● DATA SECTION
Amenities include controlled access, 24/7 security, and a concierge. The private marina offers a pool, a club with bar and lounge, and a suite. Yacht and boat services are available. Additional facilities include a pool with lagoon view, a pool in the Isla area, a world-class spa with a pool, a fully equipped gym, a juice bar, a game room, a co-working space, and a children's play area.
--
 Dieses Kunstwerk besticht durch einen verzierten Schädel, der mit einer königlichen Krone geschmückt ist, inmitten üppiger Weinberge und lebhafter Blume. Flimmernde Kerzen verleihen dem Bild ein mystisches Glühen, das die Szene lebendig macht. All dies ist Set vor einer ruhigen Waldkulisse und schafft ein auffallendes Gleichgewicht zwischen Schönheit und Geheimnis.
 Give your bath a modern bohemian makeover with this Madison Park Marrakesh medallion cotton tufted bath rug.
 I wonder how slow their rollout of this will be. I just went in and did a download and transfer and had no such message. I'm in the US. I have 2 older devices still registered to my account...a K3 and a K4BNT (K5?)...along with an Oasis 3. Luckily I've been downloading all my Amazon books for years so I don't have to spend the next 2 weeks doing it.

● EXERCISE
Of the entries above, transcribe exactly those lines that fall between the line containing "Dieses Kunstwerk besticht" and the line containing "I wonder how", together with those two lines.

● RESPONSE TO THE EXERCISE
 Dieses Kunstwerk besticht durch einen verzierten Schädel, der mit einer königlichen Krone geschmückt ist, inmitten üppiger Weinberge und lebhafter Blume. Flimmernde Kerzen verleihen dem Bild ein mystisches Glühen, das die Szene lebendig macht. All dies ist Set vor einer ruhigen Waldkulisse und schafft ein auffallendes Gleichgewicht zwischen Schönheit und Geheimnis.
 Give your bath a modern bohemian makeover with this Madison Park Marrakesh medallion cotton tufted bath rug.
 I wonder how slow their rollout of this will be. I just went in and did a download and transfer and had no such message. I'm in the US. I have 2 older devices still registered to my account...a K3 and a K4BNT (K5?)...along with an Oasis 3. Luckily I've been downloading all my Amazon books for years so I don't have to spend the next 2 weeks doing it.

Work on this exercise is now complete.